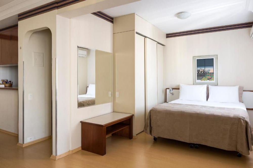 O quarto era limpo e bem arejado. Tinha pia, micro-ondas e frigobar. Gostamos do restaurante que fica no Hotel, pedimos algumas refeições nele (almoço e janta) e eram bom custo/benefício. Outro ponto positivo é a localização, a três quadras da Avenida Paulista, bem perto do MASP e da Estação de metro
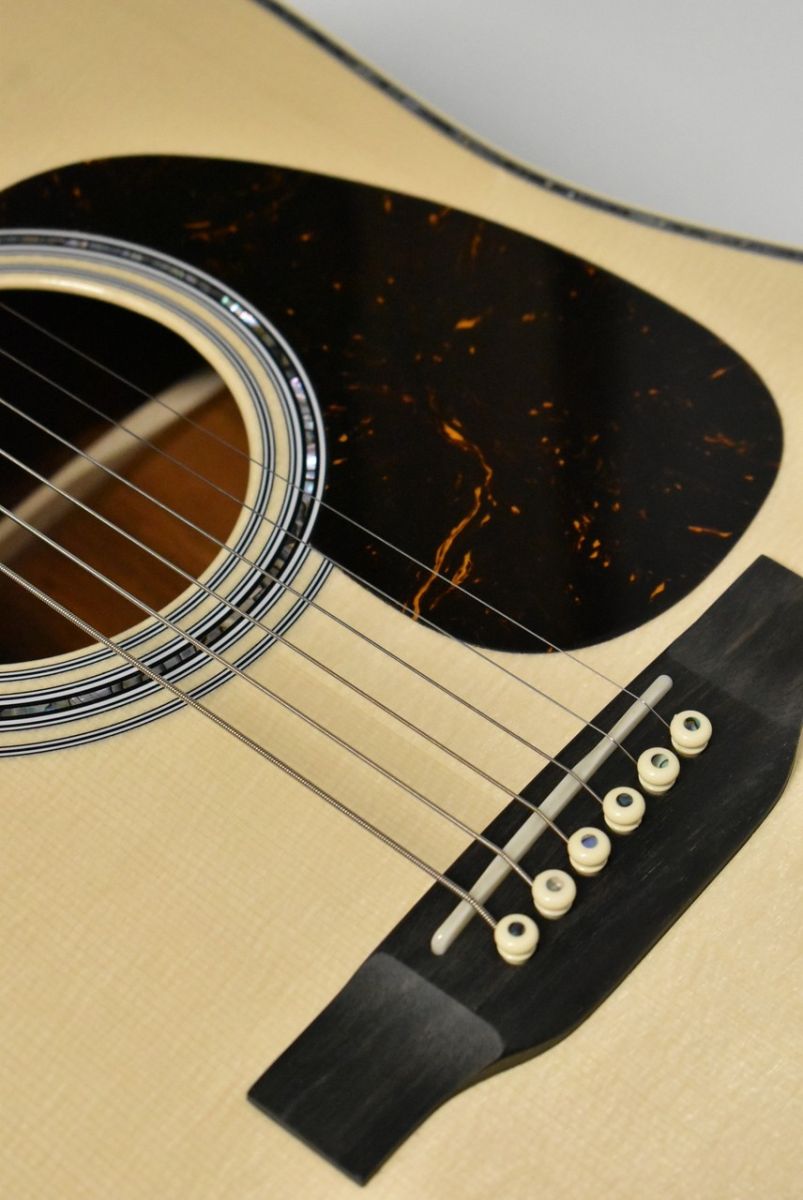 パンチのある低音域と抜けの良い高音域のバランスが絶妙で、ドレッドノートサイズのボディーでありながらも、繊細なフィンガーピッキングにもレスポンスよく反応してくれます。勿論、ストロークでかき鳴らして頂いた際にも、圧倒的な迫力をお楽しみ頂けます。
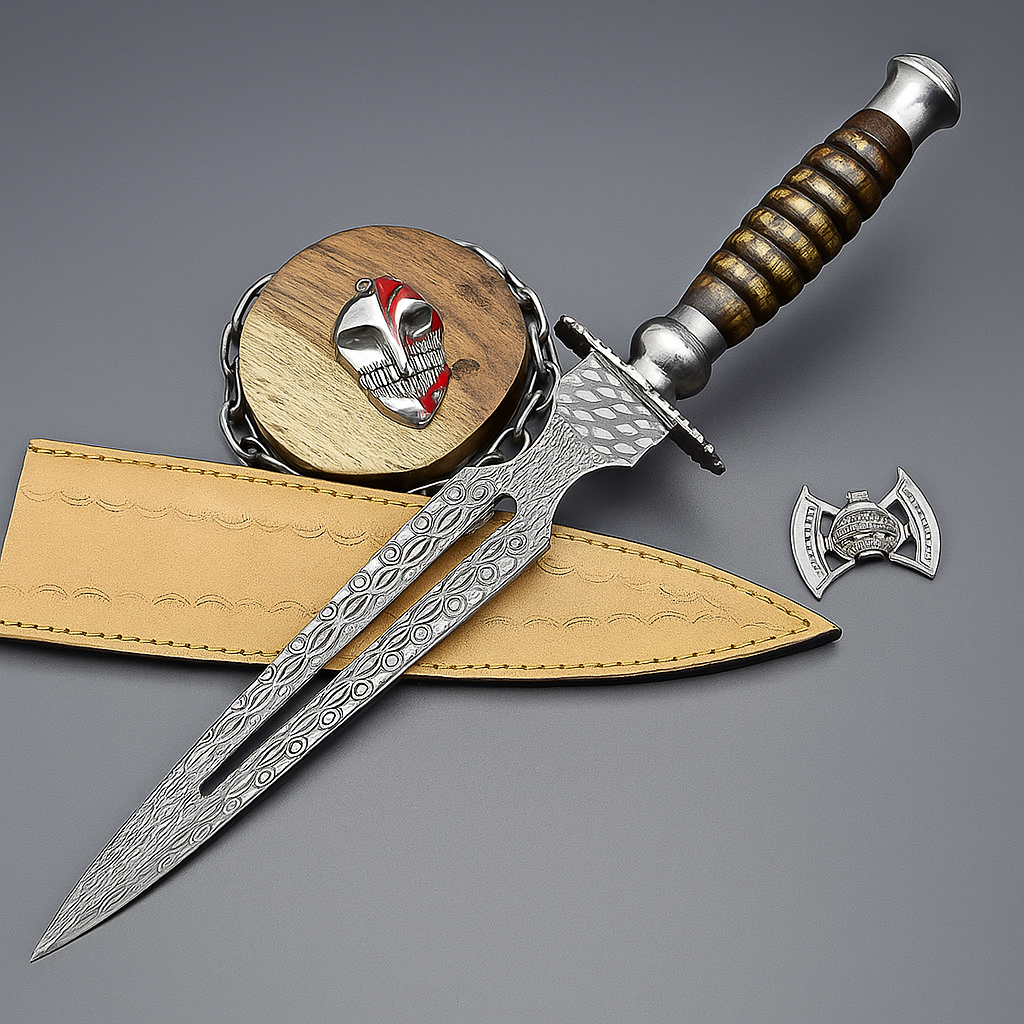 This fantasy-inspired dagger comes complete with a custom-fit, heavy-duty leather sheath, meticulously crafted to protect the blade and ensure safe carrying. As a special bonus for fans of the iconic anime, it includes a detailed Bleach Mask keychain and a miniature axe charm, making it a perfect collector's item or a unique gift.
◆ ◆ ◆ ◆ ◆
■ **REQUIRED WORK**: In copying the listing, reproduce each line exactly and omit the pictures.

■ **SOLUTION TO THIS TASK**:
 O quarto era limpo e bem arejado. Tinha pia, micro-ondas e frigobar. Gostamos do restaurante que fica no Hotel, pedimos algumas refeições nele (almoço e janta) e eram bom custo/benefício. Outro ponto positivo é a localização, a três quadras da Avenida Paulista, bem perto do MASP e da Estação de metro
 パンチのある低音域と抜けの良い高音域のバランスが絶妙で、ドレッドノートサイズのボディーでありながらも、繊細なフィンガーピッキングにもレスポンスよく反応してくれます。勿論、ストロークでかき鳴らして頂いた際にも、圧倒的な迫力をお楽しみ頂けます。
 This fantasy-inspired dagger comes complete with a custom-fit, heavy-duty leather sheath, meticulously crafted to protect the blade and ensure safe carrying. As a special bonus for fans of the iconic anime, it includes a detailed Bleach Mask keychain and a miniature axe charm, making it a perfect collector's item or a unique gift.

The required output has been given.